YOUR GOAL | Line by line, transcribe the data below exactly and pass over the images.
(RECORDS FOR THE TASK)
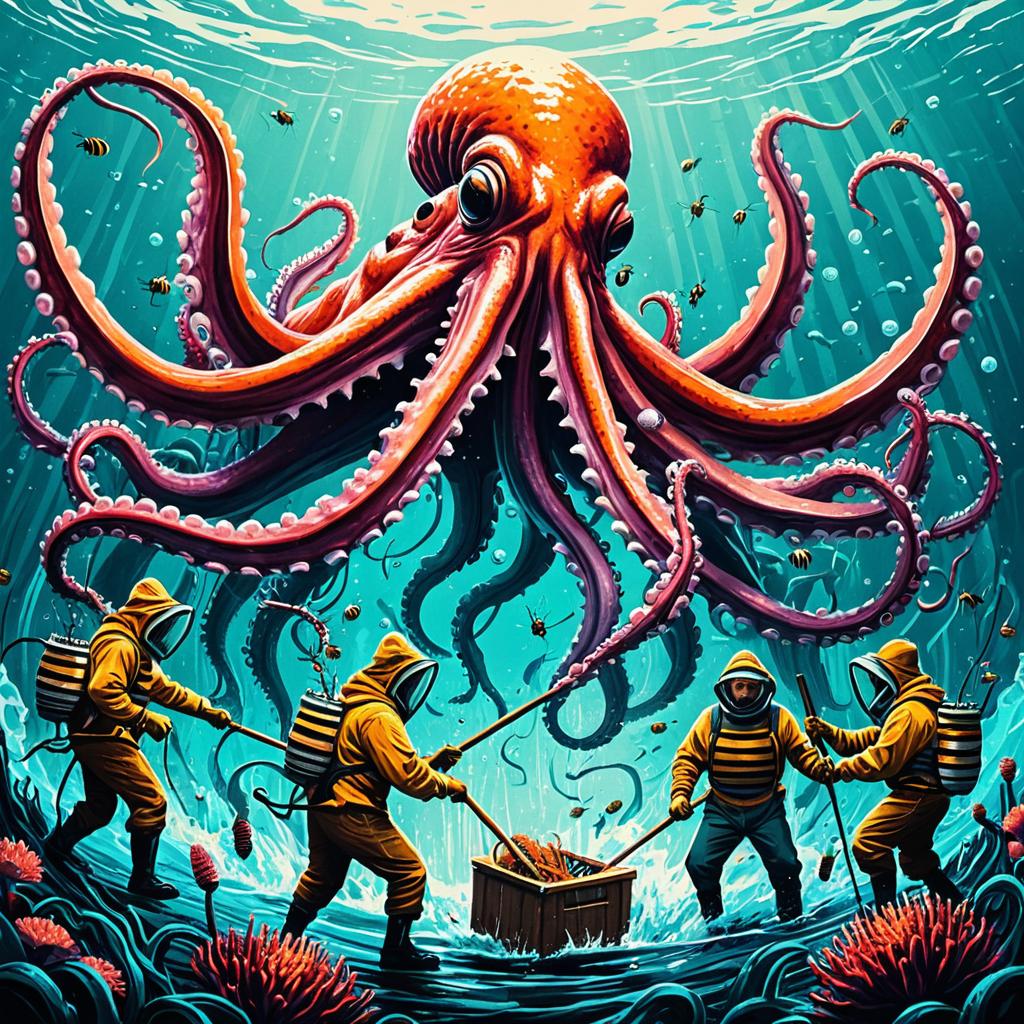 Fantasy art of a group of coral reef guardians battling a giant cartoony squid, muted colors, geometric shapes, underwater volcanic vent, playful tone, cartoonish and modern art style
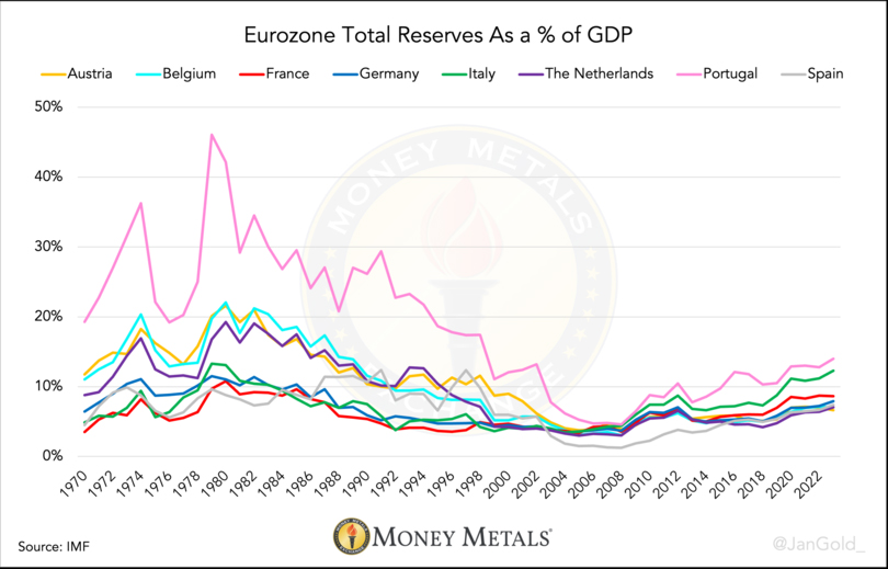 ユーロ圏内の総準備金対GDP比率を時系列で視覚的に表すと、これらの国々の準備金管理の連携は驚くべきものです。
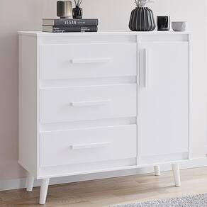 Cômoda Sapateira Mila, ideal para compor quartos com modernidade e elegância. Produzida em MDP (12/15mm) com acabamento em pintura UV. Conta com 03 gavetas, 01 porta, prateleira interna, corrediças telescópicas, dobradiças metálicas, puxadores em plástico e pés estilo retrô. Este produto será entregue em 01 volume.
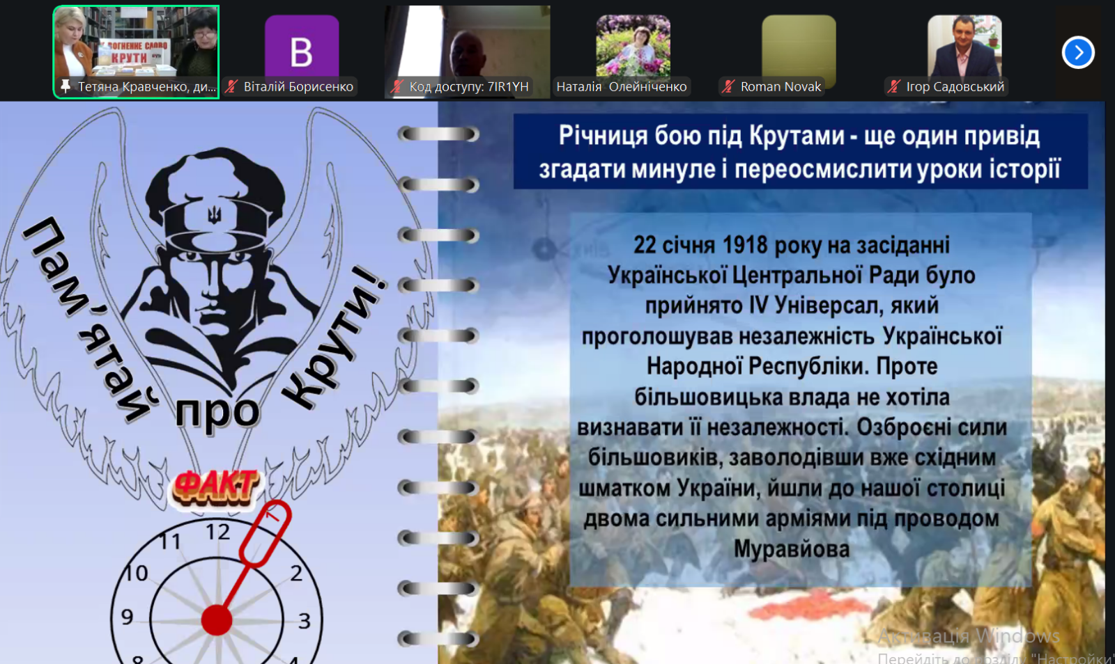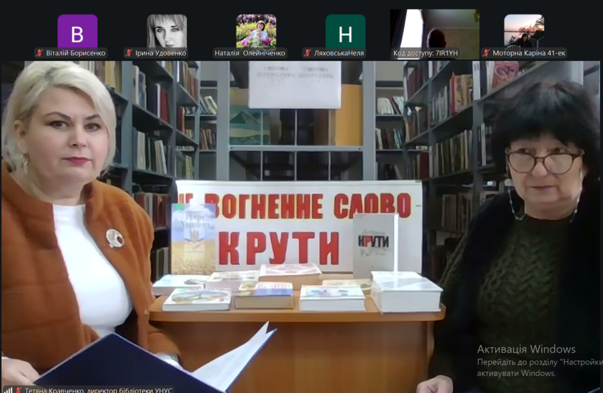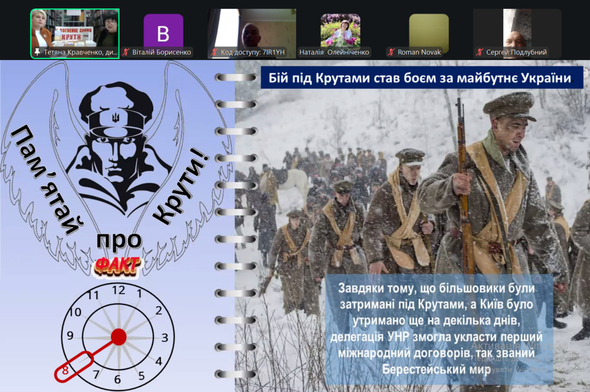 У бібліотеці університету відбувся історичний онлайн-екскурс «Крути: молодість, що стала на захист держави». Захід проходив в онлайн-форматі на платформі Zoom та був спрямований на вшанування пам’яті українських студентів і гімназистів, які 29 січня 1918 року проявили надзвичайну мужність, патріотизм і самопожертву в боротьбі за незалежність Української Народної Республіки.
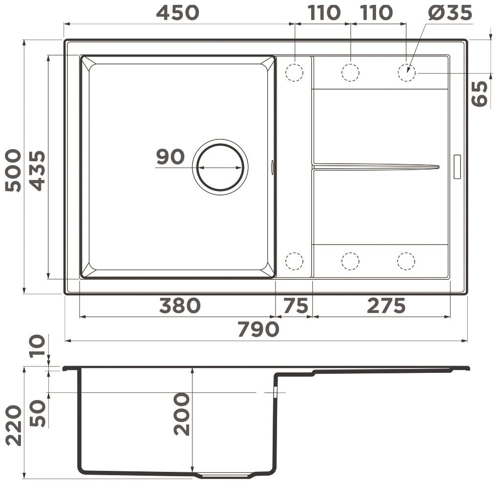Кухонная мойка с крылом OMOIKIRI Sumi 79-BL, искусственный гранит/черный 34 788 ₽ Подробнее
(End RECORDS FOR THE TASK)
WRITTEN SOLUTION |
 Fantasy art of a group of coral reef guardians battling a giant cartoony squid, muted colors, geometric shapes, underwater volcanic vent, playful tone, cartoonish and modern art style
 ユーロ圏内の総準備金対GDP比率を時系列で視覚的に表すと、これらの国々の準備金管理の連携は驚くべきものです。
 Cômoda Sapateira Mila, ideal para compor quartos com modernidade e elegância. Produzida em MDP (12/15mm) com acabamento em pintura UV. Conta com 03 gavetas, 01 porta, prateleira interna, corrediças telescópicas, dobradiças metálicas, puxadores em plástico e pés estilo retrô. Este produto será entregue em 01 volume.
 У бібліотеці університету відбувся історичний онлайн-екскурс «Крути: молодість, що стала на захист держави». Захід проходив в онлайн-форматі на платформі Zoom та був спрямований на вшанування пам’яті українських студентів і гімназистів, які 29 січня 1918 року проявили надзвичайну мужність, патріотизм і самопожертву в боротьбі за незалежність Української Народної Республіки.
Кухонная мойка с крылом OMOIKIRI Sumi 79-BL, искусственный гранит/черный 34 788 ₽ Подробнее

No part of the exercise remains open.